GIVEN ENTRIES
>>>
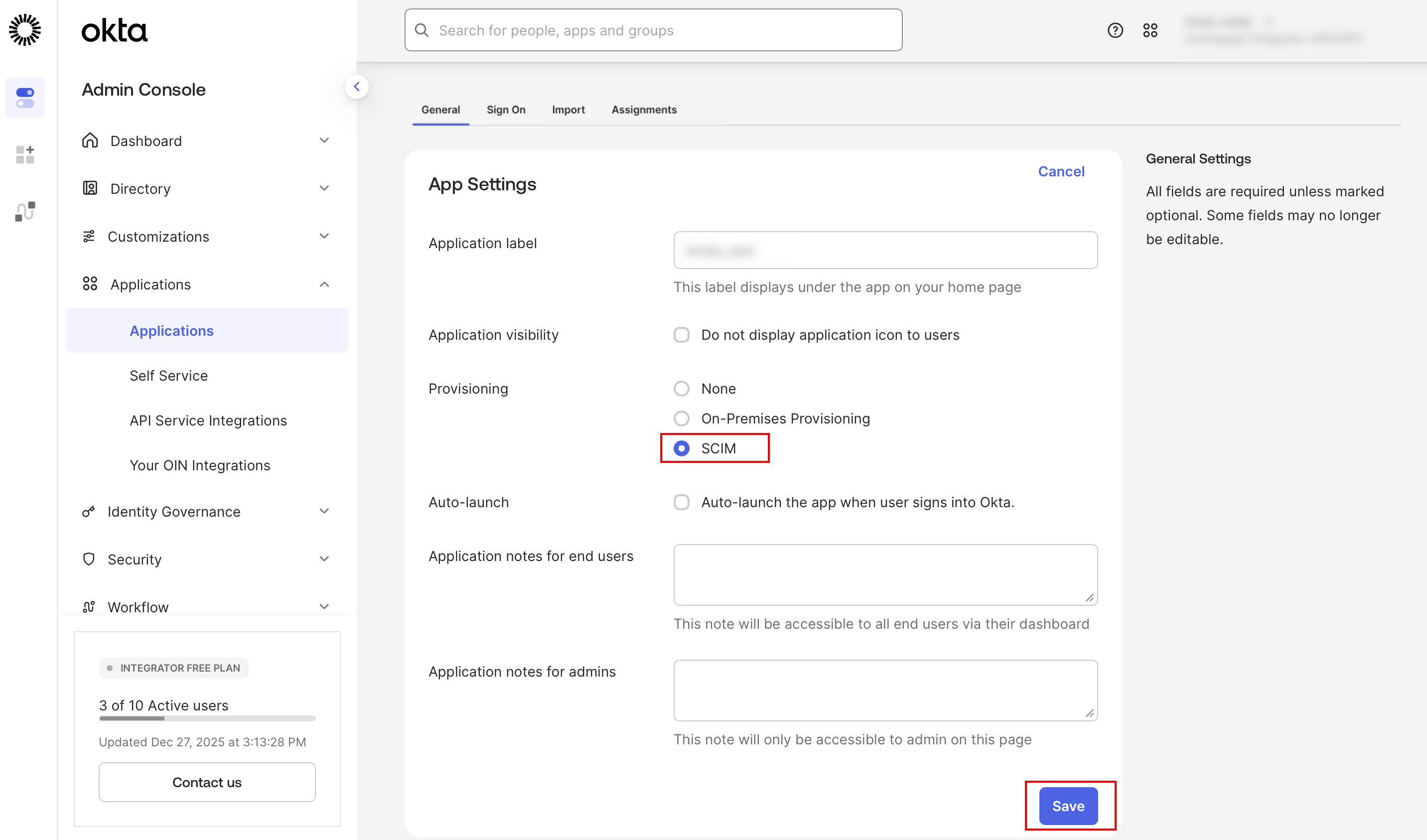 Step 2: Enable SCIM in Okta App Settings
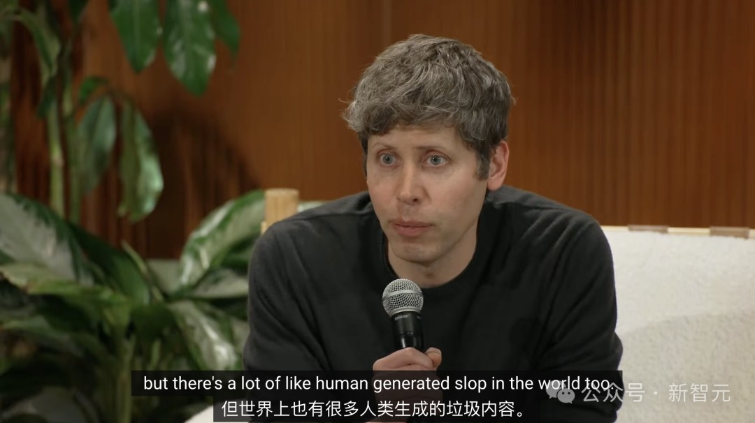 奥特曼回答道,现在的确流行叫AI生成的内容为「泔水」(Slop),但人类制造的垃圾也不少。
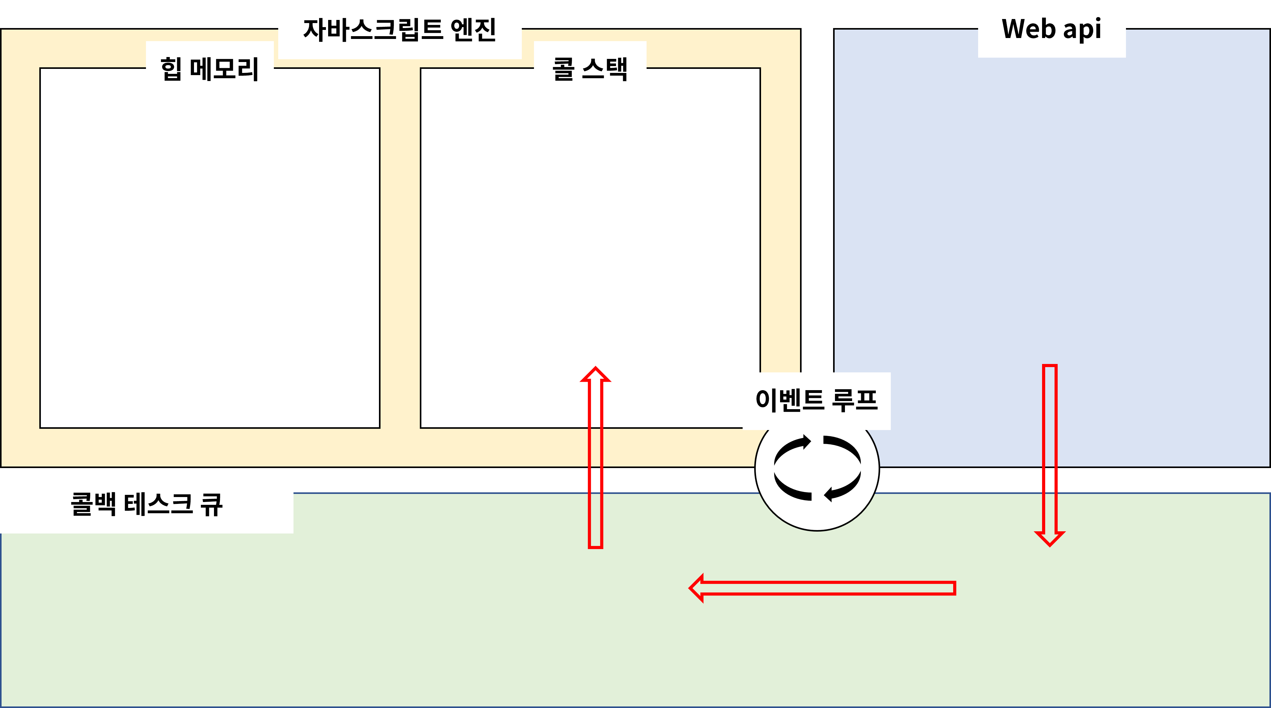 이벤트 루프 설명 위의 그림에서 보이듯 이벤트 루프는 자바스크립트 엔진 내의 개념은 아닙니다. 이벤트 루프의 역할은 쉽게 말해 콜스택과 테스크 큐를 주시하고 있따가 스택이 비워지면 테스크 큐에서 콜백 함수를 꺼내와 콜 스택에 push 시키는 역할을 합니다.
<<<
>>>
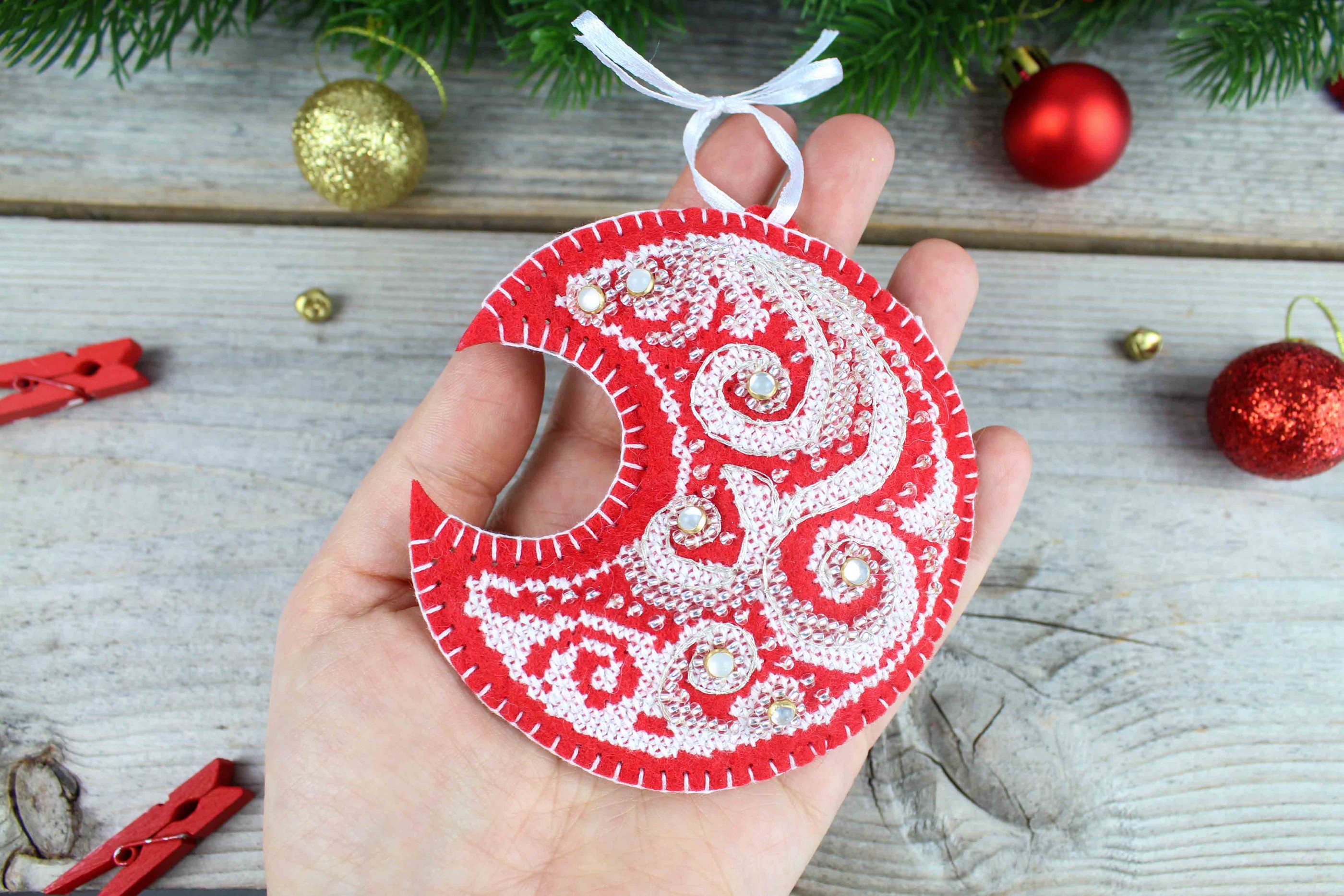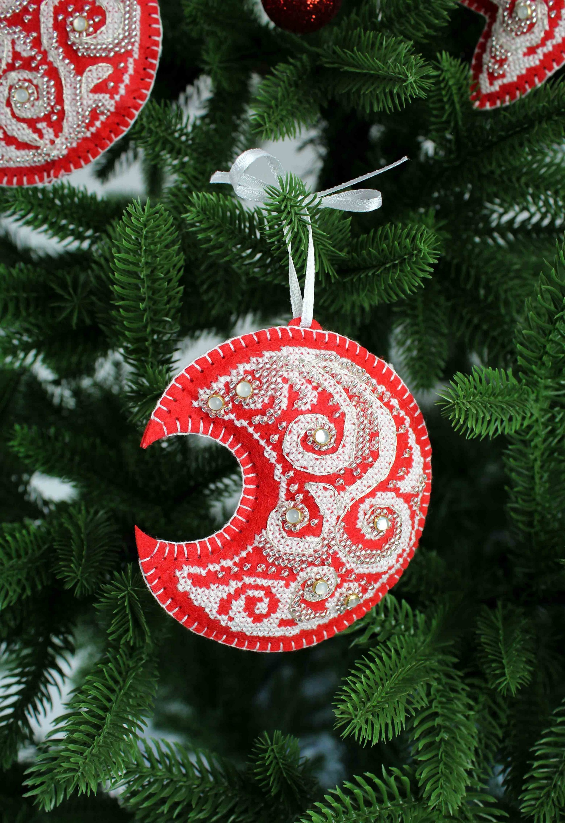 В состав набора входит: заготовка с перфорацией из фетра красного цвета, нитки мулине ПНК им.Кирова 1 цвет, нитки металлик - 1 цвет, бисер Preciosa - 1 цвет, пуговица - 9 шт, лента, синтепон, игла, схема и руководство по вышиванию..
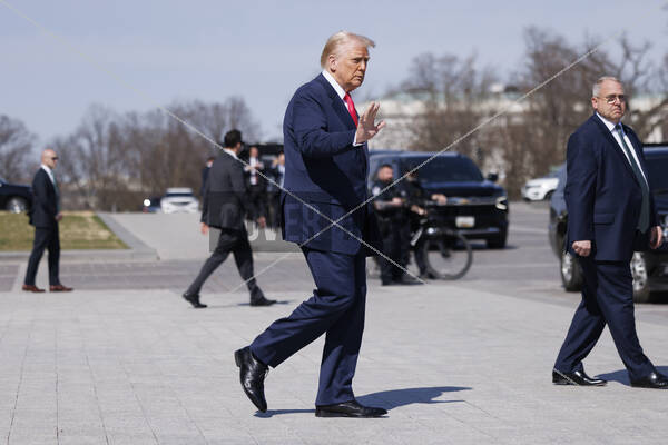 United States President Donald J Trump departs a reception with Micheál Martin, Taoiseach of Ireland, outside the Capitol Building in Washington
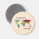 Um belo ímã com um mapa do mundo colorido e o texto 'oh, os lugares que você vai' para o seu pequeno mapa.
<<<
TASK DESCRIPTION
Exact copy, no pictures. Write out the lines in the entries above, starting with the line with "奥特曼回答道,现在的确流行叫" and going on through the line with "이벤트 루프 설명 위의", keeping both.

OUTPUT FOR THIS EXERCISE
 奥特曼回答道,现在的确流行叫AI生成的内容为「泔水」(Slop),但人类制造的垃圾也不少。
 이벤트 루프 설명 위의 그림에서 보이듯 이벤트 루프는 자바스크립트 엔진 내의 개념은 아닙니다. 이벤트 루프의 역할은 쉽게 말해 콜스택과 테스크 큐를 주시하고 있따가 스택이 비워지면 테스크 큐에서 콜백 함수를 꺼내와 콜 스택에 push 시키는 역할을 합니다.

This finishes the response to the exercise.